Der Vatikan lehnte mit seiner Note an Nuntius Roncalli in Paris einen Antrag von jüdischer Seite ab, die Kirche solle diese Waisenkinder sofort aus ihren bisherigen Familien herausnehmen und - mit Blick auf die Gründung eines jüdischen Staates - an jüdische Organisationen übergeben. Ein entsprechendes Gesuch hatten der Jerusalemer Oberrabbiner Isaac Herzog an den Papst und ähnlich auch der Pariser Rabbiner Isaiah Schwartz an Roncalli gerichtet. Waisenkinder, die der Fürsorge der Kirche übergeben wurden, könnten, auch wenn sie nicht getauft wurden, keinem Unberechtigten übergeben werden, lautete die vatikanische Antwort.
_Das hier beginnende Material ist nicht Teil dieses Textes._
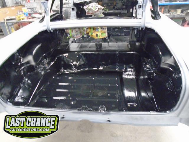 The complete interior of the car (including the roof and trunk) received two coats of two part black epoxy sealer.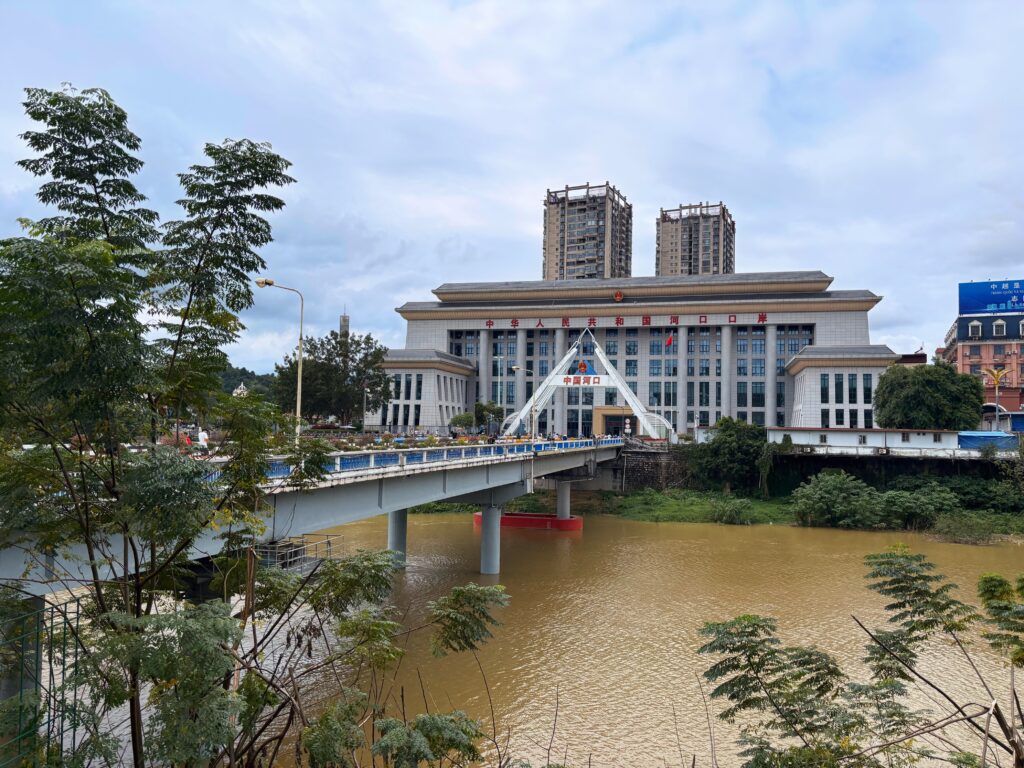 ラオカイは中国雲南省と接する国境の町。国境には2本の橋が架かっており、1本は鉄道用で、もうひとつは歩いて人が渡る橋となっている。ホーキエウ橋という。意外なほど川幅が狭く、1分もあれば渡れてしまう。

Jedoch sei es etwas anderes, «wenn die Kinder von ihren Angehörigen zurückgefordert werden».

Inhalt, Stil und Termin der neuen Forderung aus Jerusalem werden im Vatikan mit Sorge gesehen, zumal von der Gegenseite zu wenig anerkannt werde, dass Tausende jüdischer Waisenkinder auf diesem Weg von katholischen Familien gerettet wurden. Nach bisherigem Stand der Forschung scheint es, dass es bei den jüdischen Waisen am Ende des Krieges unterschiedliche Schicksale gab: So habe etwa die jüdische Brigade, die sich 1944 an der alliierten Befreiung Roms beteiligte, in kirchlichen Klöstern und Institutionen keine jüdischen Kinder mehr vorgefunden - sie waren offenbar rasch bei Angehörigen untergebracht worden, betonten Kirchenhistoriker.